At about 3:30 p.m., she observed Randall select a roasted chicken, Sobe Life Water and an apple from store shelves and then eat and drink the items. Randall then put the chicken bones in the lobster tank, which contained live lobsters, and shared the apple with his two young children. Randall then picked up bottles of soda, shook them up and threw them back on the shelf, ditched the rest of the chicken near the soda aisle and kicked several food products, damaging them, on his way to the exit doors. When approached by store security, Randall said he didn't do anything and told the officer to get away from him and left without paying for the items. When the officer went outside to get Randall's license plate number with the store manager, Randall yelled threats at them and swerved his vehicle in their direction, nearly hitting them. After the loss prevention officer called police, she noticed that Randall had been pulled over and went to talk with Lehman. Randall told Lehman nothing happened at the store and, when asked to exit his vehicle, became belligerent. He was placed in the rear seat of Lehman's police cruiser. Randall's wife, Jessica, who was with him, also had a suspended license, and the vehicle was towed. At the police station, Randall refused to get out of the police car, started to swing his cane at Lehman, striking Lehman in the hand several times and cutting his thumb area. Once in the police station, Lehman received a call from the Price Chopper loss prevention officer, who told him the lobsters had to be removed from the store because they were contaminated after eating the chicken Randall put in the tank with them. The total value of the retail theft was $209.12. Lehman said it was Randall's second retail theft offense. Randall was charged with aggravated assault, terroristic threats, retail theft, recklessly endangering another person, resisting arrest, disorderly conduct, criminal mischief, driving with a suspended license and driving an unregistered vehicle. Randall was arraigned before District Judge John Hasay in Shickshinny and lodged at Luzerne County Correctional Facility for lack of $25,000 bail. His preliminary hearing is set for 1:30 p.m. April 4 before District Judge Paul Roberts in Kingston.

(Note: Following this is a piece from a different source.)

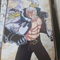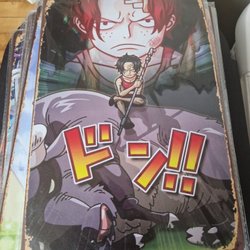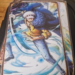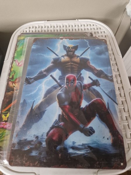 Plåtskylt med motiv av Deadpool. Skylten har hål i hörnen för enkel upphängning.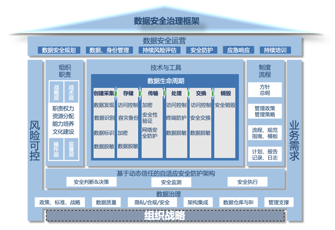 威廉希尔500欧洲指数数据安全治理体系是在组织战略的基础上,结合现有数据治理或数据安全管理要求,基于威廉希尔500欧洲指数动态信任的自适应安全防护架构,为组织搭建适用于自身数据安全治理机构,制定在安全可用基础之上,有利于数据价值发挥的策略要求,并使用可靠的技术和工具,实现数据生命周期内的安全。

Karen H. writes: I’ve got a gripe. The more I think about this story, the more I scratch my head. I am not sure what to even address first. The lowlife scumbags in this area never cease to amaze me. This schmuck goes to a grocery store and acts like it’s a buffet. He took a rotisserie chicken, some apples, and a beverage…then proceeds to walk around the store consuming said food items. For whatever reason, he decides to share his bounty with the lobsters in the seafood section (effectively ruining them) and then discards the remains of the chicken carcass before vandalizing the store and exits without paying. If that’s not bad enough, HIS TWO YOUNG CHILDREN WERE WITH HIM. What the hell kind of example is this setting? This is telling them that it’s okay to help yourself to whatever strikes your fancy, you don’t have to worry about paying for it, and it’s a good idea to reshelve soda bottles after shaking the shit out of them, and it’s perfectly acceptable to toss your trash wherever the hell you feel like it. My heart aches for these poor children. The article also said he was driving an unregistered vehicle carelessly on a suspended license. He nearly took out two Price Chopper employees before being rounded up by the fuzz. Well done, officers. Now kindly corral the remainder of the filth in NEPA.